Random seed utilities #496

ascillitoe · 2022-05-03T12:26:12Z

This PR adds utility functions to get and set seeds for the Python, Numpy, TensorFlow and PyTorch random number generators.

Motivation

Some detectors such as MMDDrift and LSDDDrift involve operations using NumPy, TensorFlow and/or PyTorch random number generators. The resulting non-deterministic behavior is a problem for testing, as it prevents us performing checks such as:

random.seed(42)
np.random.seed(42)
tf.random.set_seed(42)

detector1 = MMDDrift(X_ref, ...)
preds1 = detector1.predict(x_h0)

detector2 = MMDDrift(X_ref, ...)
preds2 = detector2.predict(x_h0)

assert preds1['data']['p_val'] == preds2['data']['p_val']

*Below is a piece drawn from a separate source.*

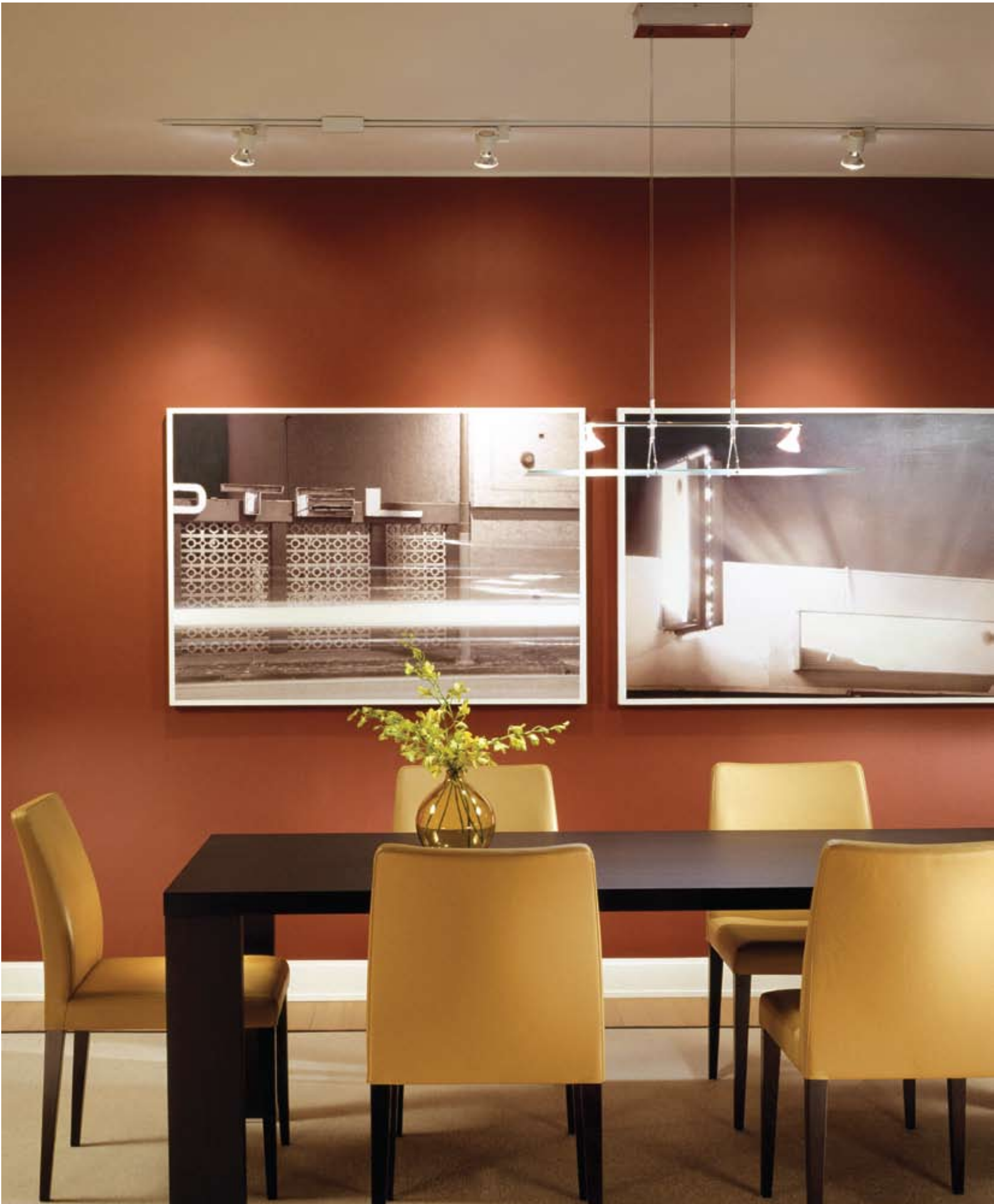
Dining room interior at 340 On The Park at Lakeshore East

Setting all random seeds (with np.random.seed(), tf.random.set_seed() etc) at the start of the test is insufficient to provide determinism here, since the operations on the first detector will still cycle through the RNG states such that the second detector would see a different RNG state. To ensure determinism we would instead have to set seeds again before the init and prediction of the second detector.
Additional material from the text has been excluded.